As shown in Table 2, the multilabel model has significant improvements in both overall performance and subgroup performance (except for 2 of the seizure subgroups). The overall performance improved by 5.9 AUROC points, while the performance on patients from the pediatric hospital improved by 8.3 points, and 7.7 AUROC points for focal spike-and-wave seizure types. Importantly, the improvements in performance significantly minimized the gaps in performance among subgroups. In addition, we compared the FPRs for each attribute (shown in Supplementary Fig. 1) and found that the overall FPR decreased from 0.08 to 0.02. The top 3 attributes with the highest FPR, which correspond to abnormal attributes (mislabeled seizure, unknown abnormality, and slowing), all decreased significantly (e.g., FPR for EEG clips with unknown abnormal patterns decreased from 0.15 to 0.08). We further compared the 2D projected embeddings of the binary and multilabel models in Supplementary Fig. 2, which shows that the embeddings of the multilabel model of abnormal EEG clips cluster more tightly than the embeddings of the binary model, reaffirming that the multilabel model can better differentiate EEG abnormalities.

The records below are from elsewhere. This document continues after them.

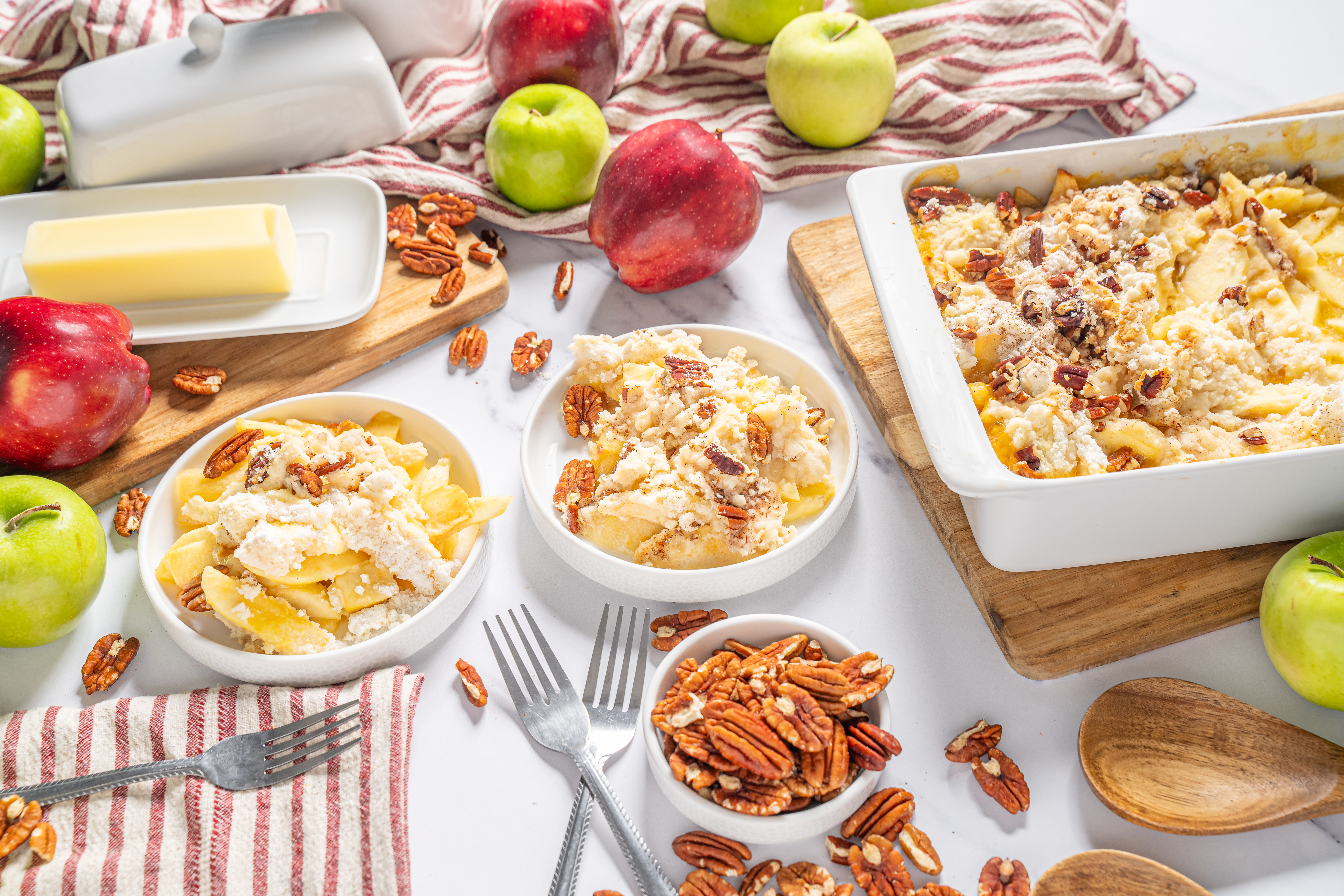 Step 6 -Sprinkle the cookie mixture over the apple mixture in the baking dish.
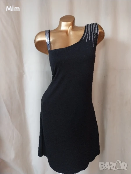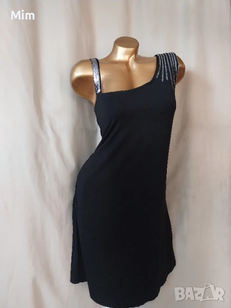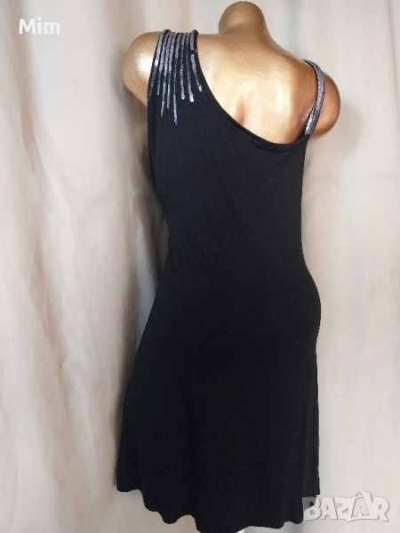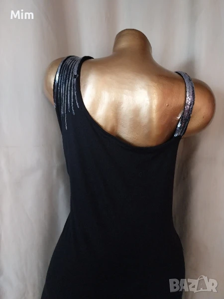Черна семпла рокля от меко трико ,на презрамките с зашити сребристи пайети ,гръдна от 60 до 75 см едностранно, талия от 55 до 70 см едностранно, ханш от 6о до 75 см едностранно, дължина 92. см Няма забележки
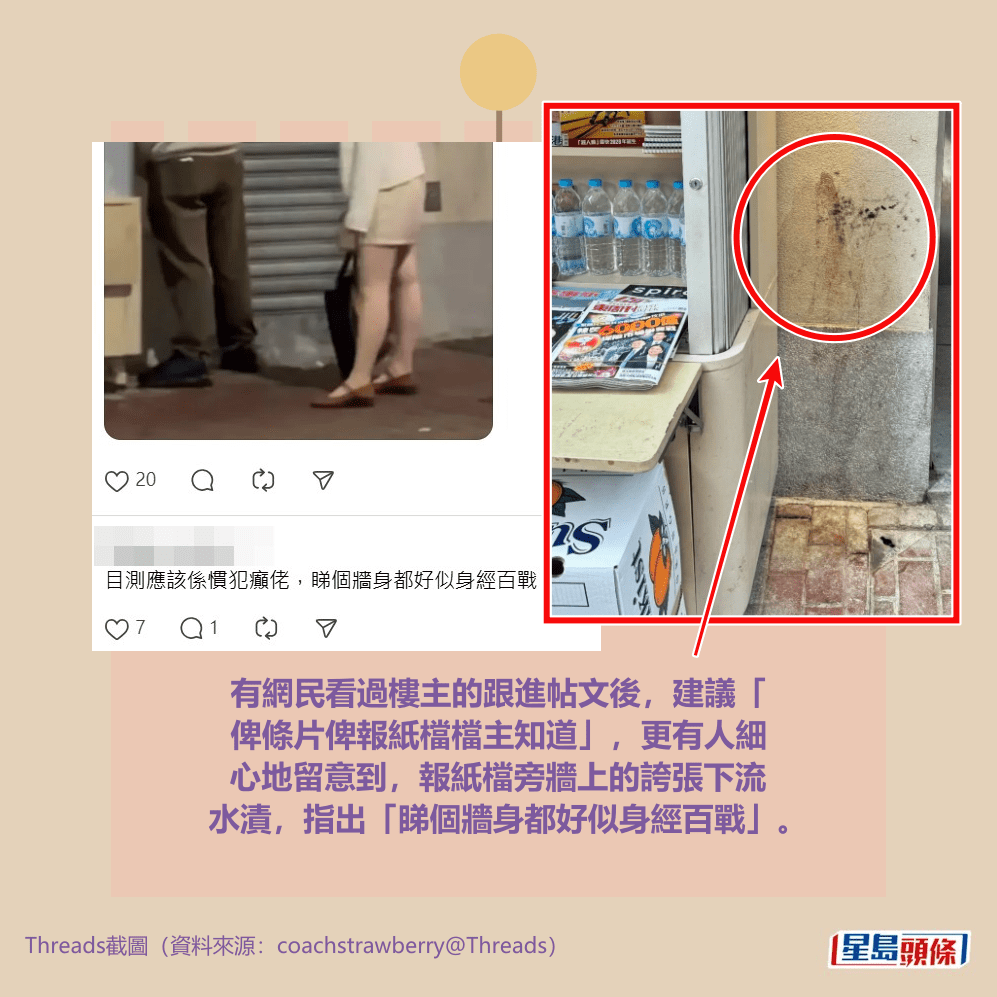 有網民看過樓主的跟進帖文後,建議「俾條片俾報紙檔檔主知道」,更有人細心地留意到,報紙檔旁牆上的誇張下流水漬,指出「睇個牆身都好似身經百戰」。

Table 2 Improving subgroup robustness with class specificity

We also investigated the impact of training a multilabel model on different subsets of the workflow attributes on subgroup robustness. We choose two additional subsets of classes: classifying seizures along with two abnormalities highly relevant to seizures (spikes and slowing), and classifying seizures along with only abnormal attributes (i.e., we remove the following attributes: drowsy, jerk, tap, respiration, eyes open/closed, asleep, ekg, arousal). As shown in Supplementary Table 2, we first found that all multilabel models improved overall seizure detection performance over the binary model. Interestingly, training a multilabel model for detecting seizure onset along with only abnormal attributes performed similarly to the multilabel model trained on all attributes, indicating that increasing class specificity with the abnormal attributes is the most important.

Measuring clinical utility

A major barrier for technicians and neurophysiologists who have access to commercial seizure detection models is the high number of false alarms13,24, which results in alarm fatigue and in clinicians not utilizing model predictions. Therefore, a good metric to assess clinical utility is the average number of false positives after scanning 24 h of EEG (FPs/24 h). In particular, we look at two parameters that directly impact the number of false positives:

  • Recall (or sensitivity): Specifying the desired recall implicitly determines the threshold used to binarize the seizure probabilities. While having a higher desired recall is advantageous (since we miss fewer seizures), it is in direct tension with false positives, where number of false positives increase as we increase recall. In some settings, such as counting the precise number of occurring seizures, it may be critical to have a high recall. While in other settings, where the model is used as an assistant to prioritize which parts of the EEG to read first, having a high recall is not as critical. For these reasons, we look at the FPs/24hr for a recall of 0.5, 0.8, and 0.9.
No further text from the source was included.